Optimization Tip for Advanced Players: Explore and support projects like GOG.com, which specializes in selling DRM-free games packaged with community-made fixes and emulators to ensure long-term functionality on modern systems. This is a proactive way to vote with your wallet for preservable software.
This fragility has led to a dark age for titles from the 2000s and 2010s. Hundreds of classic games are now inaccessible through legitimate channels, creating a preservation gap. This void directly fuels the rise of software piracy and the emulator scene. While often portrayed as illicit, these methods frequently serve as the only remaining archives for lost digital works. The situation raises legal and ethical questions: is it wrong to preserve what the market has abandoned?
The technical hurdles are immense, involving reverse engineering, server emulation, and circumventing defunct authentication. Organizations like the Video Game History Foundation are doing essential work, but they operate in a legal gray area, often relying on exemptions for archival work that don’t always neatly apply to software.
Current Status and Future of the Initiative
As of now, the Stop Killing Games petition on the European Citizens’ Initiative portal is approaching its July 2025 deadline. The campaign has struggled to gather the required volume of signatures across EU member states to force an official legislative response from the European Commission.
However, measuring its success solely by petition metrics misses the broader impact. The movement has successfully elevated the conversation about digital ownership and preservation into mainstream gaming discourse. It has pressured platforms like Steam to improve their policies regarding dead games and sparked internal discussions at publishers about more graceful shutdown procedures. The controversy has forced gamers to scrutinize End User License Agreements (EULAs) and understand the precarious nature of their digital libraries.
Whether binding legislation emerges or not, the genie is out of the bottle. Consumer expectations are shifting, and the industry will likely face increased scrutiny and demand for transparency regarding game longevity. The ultimate legacy of Stop Killing Games may be a more informed and assertive player base.
Actionable Strategies for Gamers
While systemic change is pursued, individual players are not powerless.

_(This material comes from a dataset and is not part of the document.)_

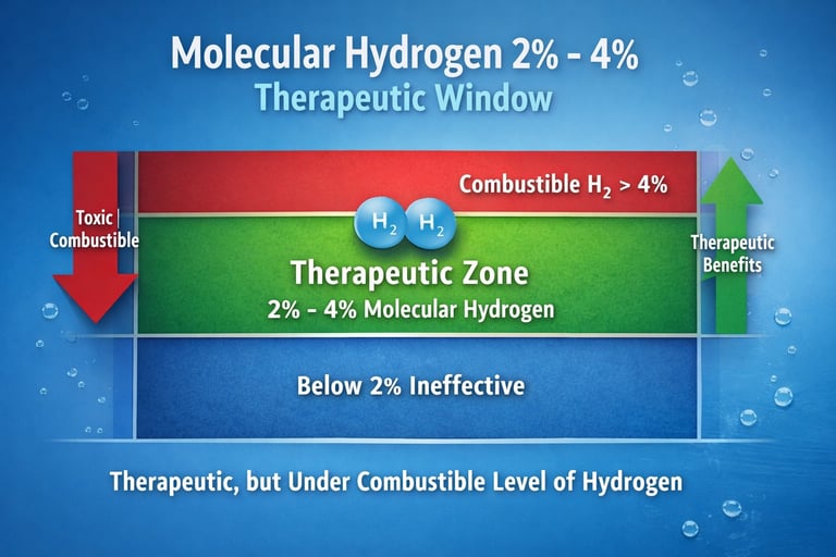 The 2–4% rule refers to the concentration of hydrogen gas in the air you inhale. Below 2% is not therapeutically effective 2%-4% is optimal therapeutic range. Above 4% enters the flammable range this range is critical because hydrogen behaves differently depending on concentration. At low levels, it’s biologically inactive, at optimal levels, it acts as a selective antioxidant. At higher levels, it becomes combustible in air.

Adopting a preservation-minded approach can protect your investments and support a healthier ecosystem.
Practical Tips and Strategies:
- Prioritize DRM-Free Purchases: Favor storefronts like GOG or itch.io that offer executable files you truly own and can back up indefinitely.
- Physical Isn’t Always Safe: Be wary of physical copies that require day-one patches or online passes; they can become coasters just like digital games.
- Support Archival Efforts: Donate to or volunteer with organizations like the Video Game History Foundation or the Internet Archive’s software collection.
- Document Your Gameplay: Create and share videos, guides, and screenshots. This “folk preservation” captures the experience even if the code is lost.
- Understand the EULA: Before purchase, check if the license agreement mentions server-based access or revocable licenses. Vote with your wallet accordingly.
The path forward requires action from all sides: developers planning for legacy, platforms offering better tools, and consumers making informed choices. The Stop Killing Games movement, regardless of its immediate political outcome, has provided the crucial vocabulary and framework for this ongoing fight to ensure gaming history isn’t deleted.